Les motifs de suspension sont les mêmes que ceux existant auparavant : la nouveauté réside dans l’extension du dispositif aux contrôles portant directement sur les organismes et les activités de formation professionnelle.

  • Certaines sanctions pourront être rendues publiques

2 nouveaux dispositifs de publicité des sanctions sont également instaurés depuis le 27 juin 2026, sous réserve de certaines précisions réglementaires ultérieures.
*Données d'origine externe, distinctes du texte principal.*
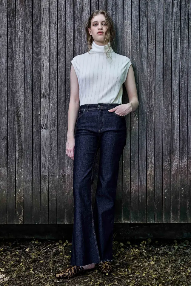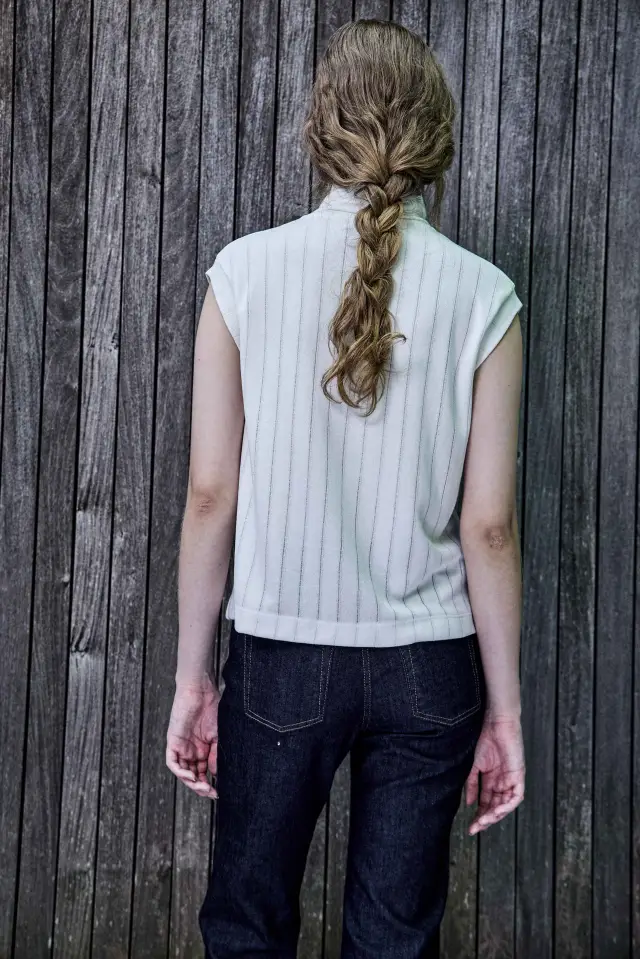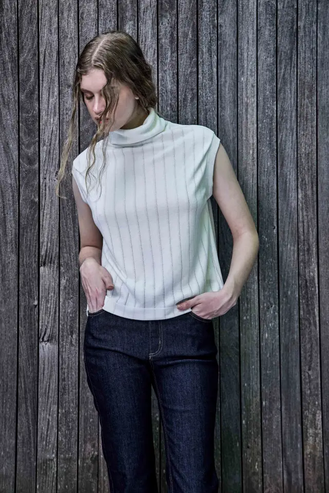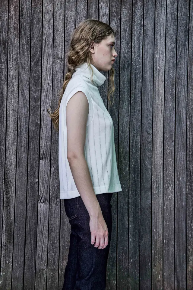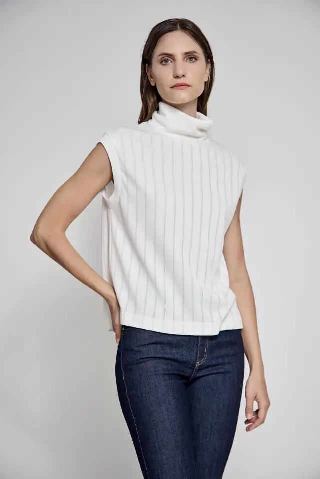 Prenda confeccionada con genero de punto compuesto por 85% viscosa 15% poliamida. De silueta regular, esta prenda no se adhiere al cuerpo. Chaleco musculosa, con puños pegados. Cuenta con un cuello polera doble, que cae por el peso de la tela, no ajusta el cuello. El textil imita al tejido y cuenta con un leve brillo generado por el lurex.

En 1er lieu, les sanctions prononcées par les agents chargés du contrôle ou par les organismes financeurs en cas de manœuvres frauduleuses ou de manquements graves et répétés à la réglementation peuvent faire l’objet d’une mesure de publicité.

En 2nd lieu, certaines décisions d’annulation de déclaration d’activité peuvent également être publiées lorsqu’elles résultent :

  • du maintien d’un manquement après une mise en demeure de se conformer à la réglementation ;
  • de l’établissement ou de l’utilisation intentionnelle de documents destinés à obtenir indûment un enregistrement, une aide ou le financement d’une formation.

L’organisme doit être informé, au cours de la procédure contradictoire, de la durée et des modalités de la publicité envisagée.

Pour les annulations de déclaration d’activité, la publication pourra être effectuée pendant une durée maximale d’un an sur un site internet spécifique du ministère chargé de la formation professionnelle.

  • Publicité des formations : une obligation de sincérité renforcée

La publicité réalisée par un organisme de formation ne doit comporter aucune mention susceptible d’induire en erreur.

Depuis le 27 juin 2026, cette interdiction concerne désormais expressément :

  • les conditions d’accès à la formation ;
  • son contenu ;
  • ses modalités d’organisation ;
  • la sanction ou la certification délivrée ;
  • ses modalités de financement ;
  • la situation de l’organisme au regard de son habilitation à préparer à une certification professionnelle, une certification ou une habilitation et à évaluer les candidats aux examens.

La mesure vise notamment à empêcher un organisme de continuer à promouvoir une formation en laissant croire qu’il est habilité à préparer ou à évaluer les candidats à une certification alors que cette habilitation lui a été retirée ou n’a jamais été accordée.

Le non-respect de ces règles peut relever de la nouvelle amende administrative, dans la limite de 4 000 € par manquement.